The Strange Story of Walter Stephen Thompson
Part Two
AUTHOR: WILLIAM ELLIS-REES
PUBLISHED: 13 JUNE 2021

In last week’s article we saw how a tense relationship between a north London clergyman, Chichester Reade, and a young servant, Walter Stephen Thompson, took a dangerous turn for the worse. Thompson, harbouring some sort of grudge against his master, had made threatening noises about killing him with his own pistol. In the event, though, it was not a bullet but a mouthful of poison that might have done for Reade. Before being sent packing the boy had adulterated a bottle of brandy.
That is not the end of the story — far from it. But it is important to record here two details about the organisation of Reade’s home — in Tollington Park in Islington — both of which have a vital bearing on the matter.

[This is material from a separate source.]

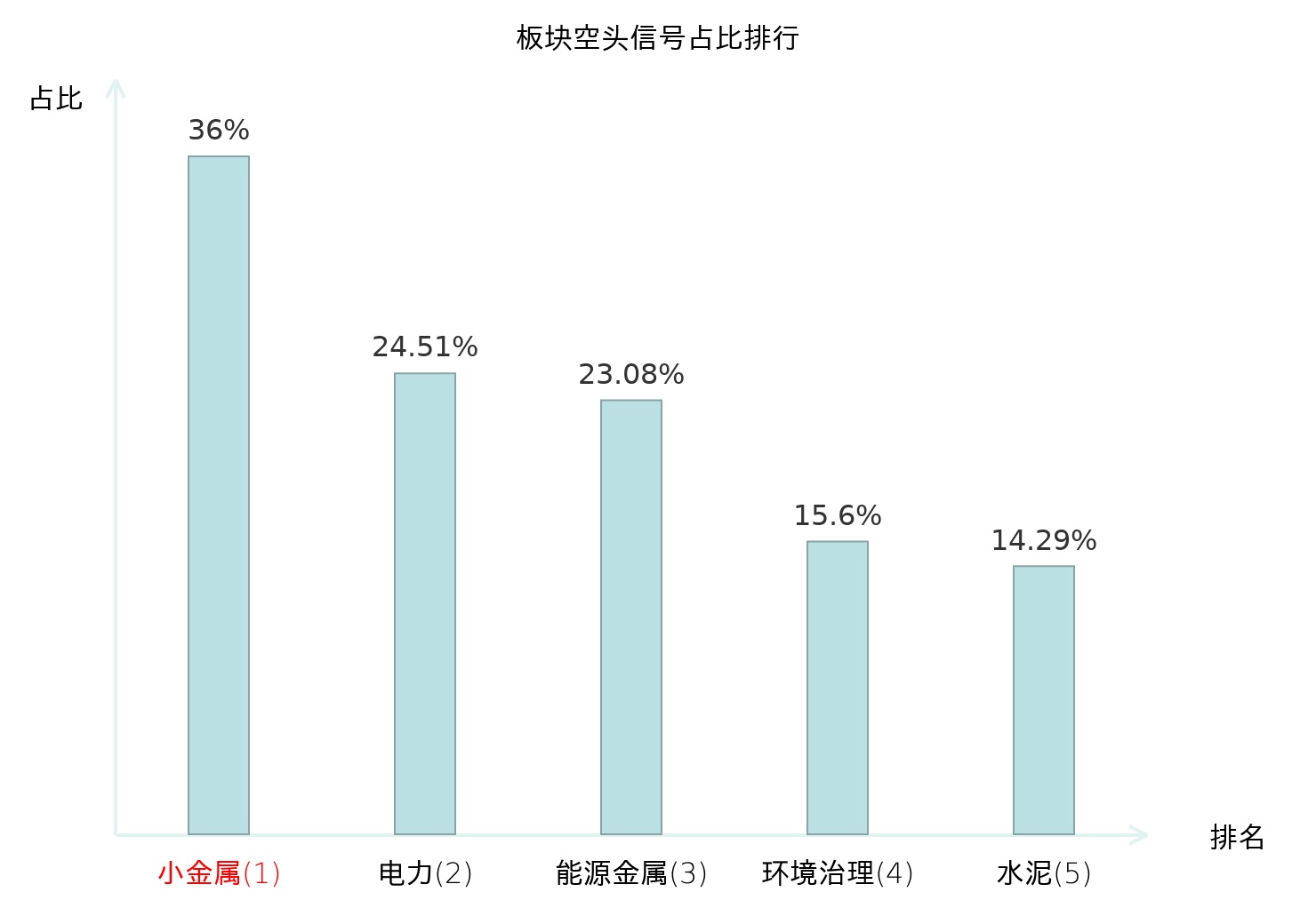 全市场所有行业板块中主力空头信号占比排名中,小金属板块位居第一。计算机设备板块名次提升最快,较昨日上升113位。

The first is that the key to the drawer in the sideboard where spirits were kept had been lost, with the result that anyone had access to the brandy. And, as was later claimed by Elizabeth Roberts, who was also a servant in the Reade household, Walter Stephen Thompson had helped himself to a drink more than once in the past. She did not go as far as to claim that she had seen him doing so, but she believed that he had because he told her that he had. Having poured out a draught, he would top up the bottle with water in the hope that no one would notice.
All those bottles
The second important fact is that Chichester Reade kept an assortment of medicines in his dressing room, not under lock and key, as one might expect, but there for all the world to see on a shelf above the chimney. He reckoned that he had between thirty and forty bottles. One may well wonder what this home pharmacy comprised, but it is a fair bet that it included a range of hazardous substances in the guise of patent treatments.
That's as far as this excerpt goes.